You do not need a lawyer to file initial reports with your bank, e-wallet, DTI, BSP, PNP, NBI, SEC, or NPC. For large losses, complex investment scams, business-related losses, or cases moving into prosecutor or court proceedings, legal assistance may help organize evidence and choose the right remedies.
Can I file a small claims case for a website scam?
Yes, if your claim is for money, the amount falls within the small claims limit, and you can identify and serve the defendant. Small claims are not effective when the scammer uses a fake name, has no known address, or is outside the reach of Philippine court processes.
How long do I have to file a complaint?
Report immediately, even if legal prescription periods may be longer. Under the Internet Transactions Act, consumer claims for damages must be filed within 2 years from the time the cause of action arose. Criminal prescription periods depend on the offense and penalty, but delay can destroy digital trails and reduce the chance of fund recovery.
Can the website be taken down?
Possibly. Platforms, hosting providers, domain registrars, DTI, law enforcement, and other regulators may act depending on the nature of the website. For dangerous, fraudulent, or unlawful online transactions, takedown mechanisms may be available under relevant laws and agency powers. Provide the exact URL and evidence of the scam.
Should I still report if the amount is small?
Yes. Small reports help establish patterns. A ₱1,000 scam may be part of a larger operation involving hundreds of victims. Even if recovery is uncertain, reporting helps authorities, platforms, banks, and regulators connect accounts, websites, phone numbers, and repeated methods.
Key Takeaways
- Act within the first 24 hours: report to your bank or e-wallet, preserve evidence, and secure your accounts.
- A website scam may involve estafa, cybercrime, consumer law, financial account scamming, data privacy violations, or civil liability.

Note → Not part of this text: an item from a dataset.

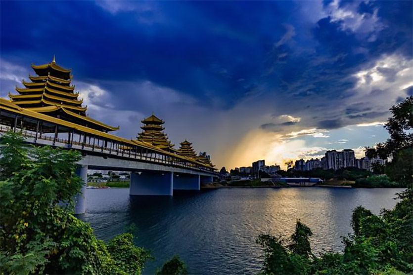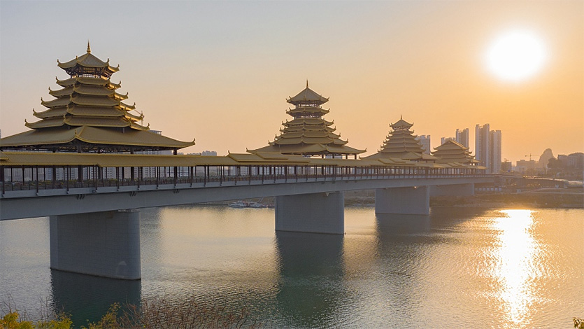 柳州鳳凰嶺大橋是柳州市的第一座公軌兩用橋。它是鼓樓式跨江風(fēng)雨橋,也是世界最大的風(fēng)雨橋,充滿侗族民族元素。它造型優(yōu)美,溝通兩岸,為過(guò)往的行人遮風(fēng)擋雨,觀賞性與實(shí)用性俱佳。與同在柳州的另外一座著名風(fēng)雨橋——三江縣程陽(yáng)風(fēng)雨橋遙相呼應(yīng)。

- Use the right channel: PNP/NBI for cybercrime, DTI for online consumer disputes, BSP for unresolved bank/e-wallet issues, SEC for investment scams, and NPC for data privacy concerns.

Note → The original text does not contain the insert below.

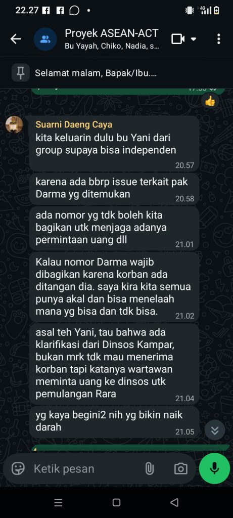 Saya kaget mendapati laporan dari anggota saya Darma. Ketua kenapa jadi ramai begini, sampai – sampai kami dilaporkan ke Bareskrim mabes polri katanya kasus TPPO”, ucap Darma.

- Keep complete evidence: URLs, screenshots, receipts, reference numbers, chat logs, emails, account details, and complaint tickets.
- Non-delivery is not always estafa, but deceit from the beginning can make it a criminal case.
- Recovery is hardest when funds are withdrawn quickly, the scammer is unidentified, or the website is foreign-hosted.
- For civil recovery, small claims may help only when the person or business behind the scam is identifiable and reachable.
- Do not send more money for “unlocking,” “tax,” “verification,” “customs,” or “withdrawal” fees after a suspicious transaction.